= Michael Campbell (pianist and author) =

American pianist, teacher and author (born 1945)

Michael Campbell (born 1945) is an American pianist, teacher and author. He has written two of the most widely-used college textbooks on the development of popular music, Popular Music in America (originally titled And the Beat Goes On, first published 1996) and Rock and Roll: an Introduction (written with James Brody, first published 1999).

==Biography==
Campbell was born and grew up in and around San Francisco, California. He attended Amherst College until 1967, and, after graduating, served in the United States Naval Academy Band, where he began studying under Leon Fleisher. He continued studying with Fleisher at Peabody Conservatory, where he gained degrees in piano in 1972 and 1982. At the same time, he worked as a commercial musician with artists including Angela Lansbury, Ethel Merman, and Don McLean.

He began teaching at Western Illinois University in 1981, while continuing to perform around the U.S. and Canada. His repertoire includes both classical and 20th century popular music, including the music of Roger Sessions and transcriptions of jazz solos such as those of Art Tatum. He was clinician for G. Henle Verlag in the U.S., and a member of the Suzuki Association of the Americas, composing and arranging material for teaching.
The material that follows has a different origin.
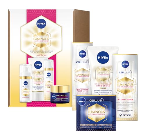 NIVEA Cellular Luminous Kit anti-taches pigmentaires avec sérum pour le visage, crème de jour anti-âge, crème de nuit régénérante et crème pour les mains contre les taches pigmentaires, kit de soins
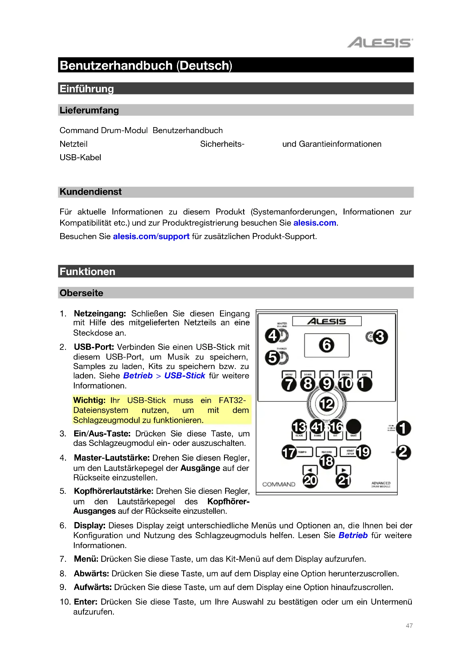 Benutzerhandbuch (Deutsch) Einführung Lieferumfang Command Drum-Modul Benutzerhandbuch Netzteil Sicherheits- und Garantieinformationen USB-Kabel

His first textbook, And the Beat Goes On, was first published in 1996, and, retitled as Popular Music in America, has gone through several editions and has been described as "the first text to offer a comprehensive account of two centuries of popular music". He also wrote, with James Brody, Rock and Roll: an Introduction, first published in 1999; and Music, first published in 2011.

As professor at Western Illinois University, Campbell taught courses in popular music, jazz improvisation, and American music. He retired in 2003. After moving to Westerly, Rhode Island, he taught an online rock music course at Arizona State University. He has also given presentations on "The Golden Age of the Piano", playing excerpts from all varieties of piano music that would have been heard in the early 20th century.